NOTE: Mentors must participate in the initial mentor implementation training in order to be eligible to provide mentoring to students.

The following includes a more detailed description of the training that is provided:

Stakeholder Meetings with District/Agency Administrators

Initial and follow-up (3-hour) stakeholder meetings with the district/agency administrators and site-based coordinator focus on planning and preparing for program implementation and ensuring that the necessary systems and processes are in place to ensure the mentors are able to participate in mentor training, have time in their schedule to meet with mentees, and are able to access student school records. Another focus of these meetings includes developing a plan to introduce the program to the school faculty and other student support personnel who will play a role in providing the mentors with information about the mentees. In addition, these stakeholder meetings focus on facilitating communication among district/agency administrators, the program/site-based coordinator, and the mentors, as well as assessing program progress, troubleshooting obstacles, and developing a program sustainability plan.

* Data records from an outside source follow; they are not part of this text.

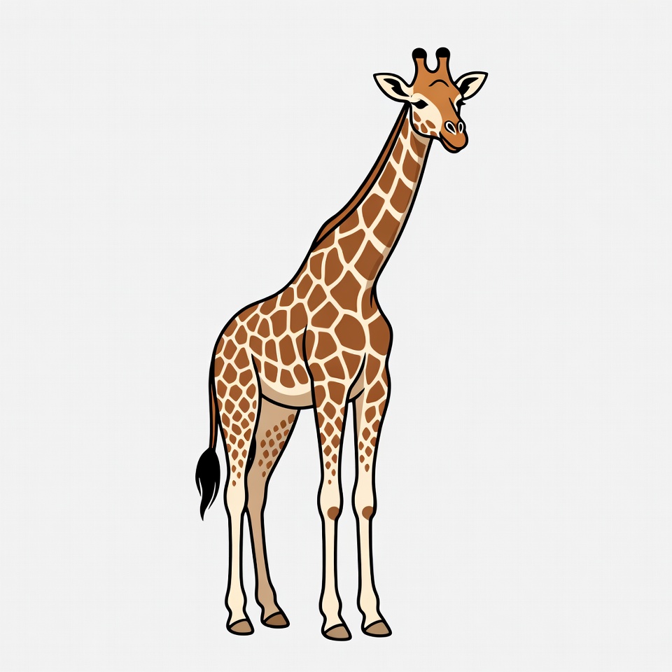 A cartoon giraffe with brown spots stands on a plain white background. It faces slightly to the left with its long neck extended upward and a short tail. The illustration features simple lines and vibrant colors.
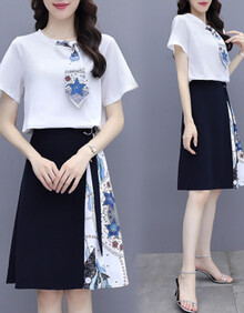 羽虹阁时尚连衣裙套装女2021夏季新款设计感T恤半身裙印花拼接显瘦减龄女人味两件装职业气质裙 图片色 L
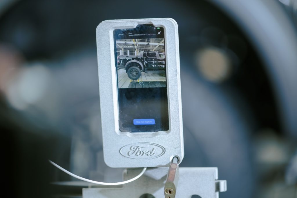 Ford’s mobile artificial intelligence vision system (MAIVS) uses advanced algorithms to scan the exterior of the vehicle for any flaws, like missing or crooked badges.
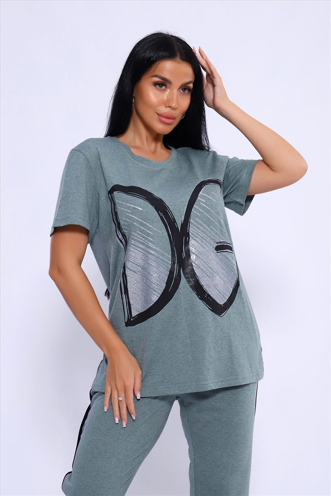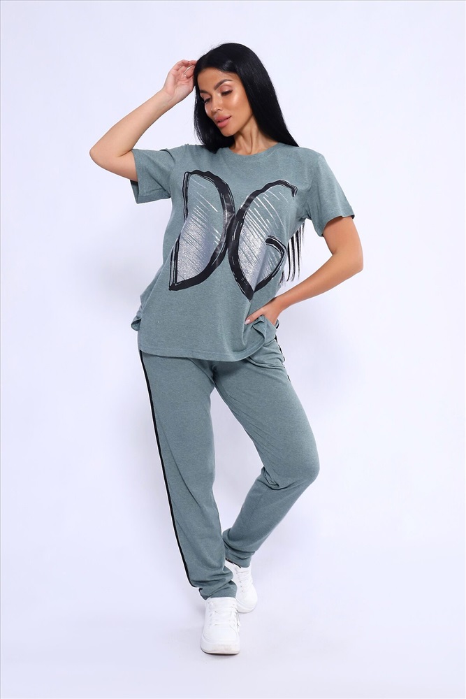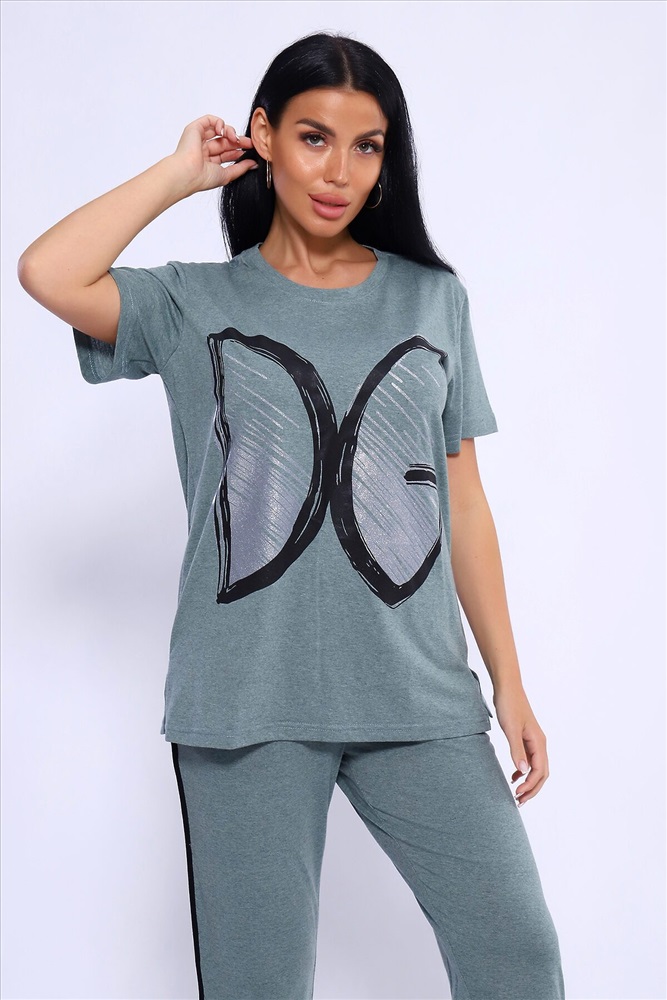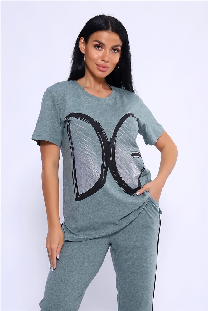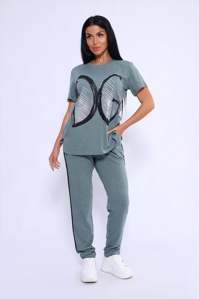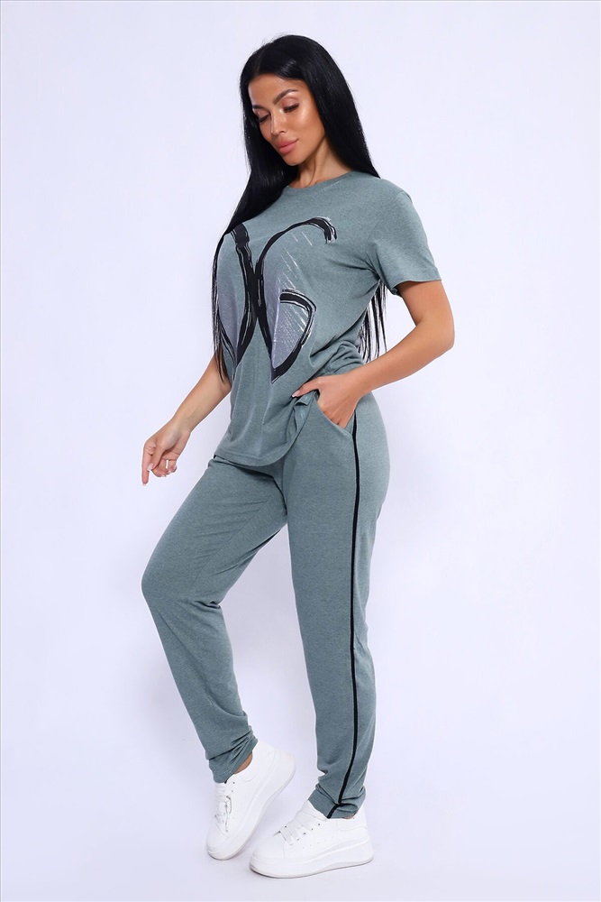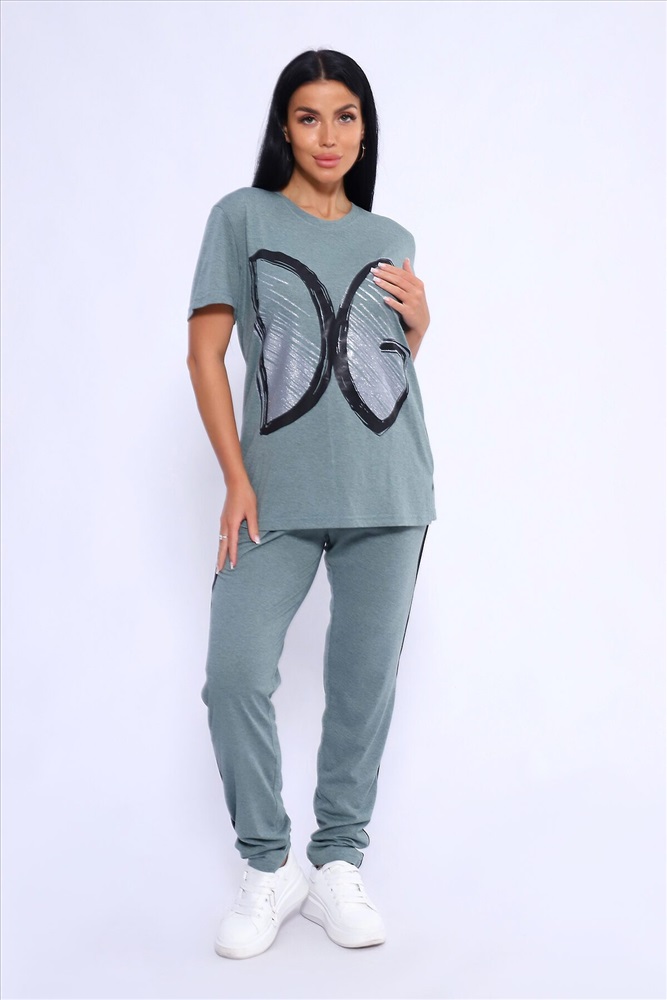Классический и удобный трикотажный костюм с брюками из 100%-го хлопка! В комплекте костюма представлены кофта свободного кроя и брюки c тонкими лампасами универсальной посадки. Кофта украшена ярким принтом, состоящим из крупных латинских букв, контрастирующими с общим фоном изделия. Кроме того, на спинке имеется неброский принт. Костюм - идеальный вариант домашней одежды для женщин, также прекрасно подойдет и для повседневной носки.

Training for Program Delivery Staff

An initial 2-day implementation training is for the program/site-based coordinator and the adult mentors and focuses on the specific components of the program model, its theoretical basis, and developing the skills and competencies needed to be an effective mentor. It is a program requirement that any individual who intends to mentor students participate in this initial training.

Location of Meetings/Training

The stakeholder meetings and initial implementation training take place at the implementation site or a nearby location. The program developer, Dr. Brenna Bry, or trainers from the Princeton Center for Leadership Training, Dr. Bry's training arm, travel to the implementation site to provide the initial training.

Program Benefits (per individual): $9,441
Program Costs (per individual): $1,342
Net Present Value (Benefits minus Costs, per individual): $8,098
Measured Risk (odds of a positive Net Present Value): 64%

Source: Washington State Institute for Public Policy
All benefit-cost ratios are the most recent estimates published by The Washington State Institute for Public Policy for Blueprint programs implemented in Washington State. These ratios are based on a) meta-analysis estimates of effect size and b) monetized benefits and calculated costs for programs as delivered in the State of Washington. Caution is recommended in applying these estimates of the benefit-cost ratio to any other state or local area. They are provided as an illustration of the benefit-cost ratio found in one specific state. When feasible, local costs and monetized benefits should be used to calculate expected local benefit-cost ratios. The formula for this calculation can be found on the WSIPP website.

Start-Up Costs

Initial Training and Technical Assistance

A one-time start-up fee for the Achievement Mentoring program is $20,000, plus trainer travel. This includes three days of on-site training for up to 5 mentors, program manuals for 5 mentors, reporting forms, and monthly consultation with mentors for two academic years.

Curriculum and Materials

Curriculum and materials are included in the start-up fee listed under initial training and technical assistance.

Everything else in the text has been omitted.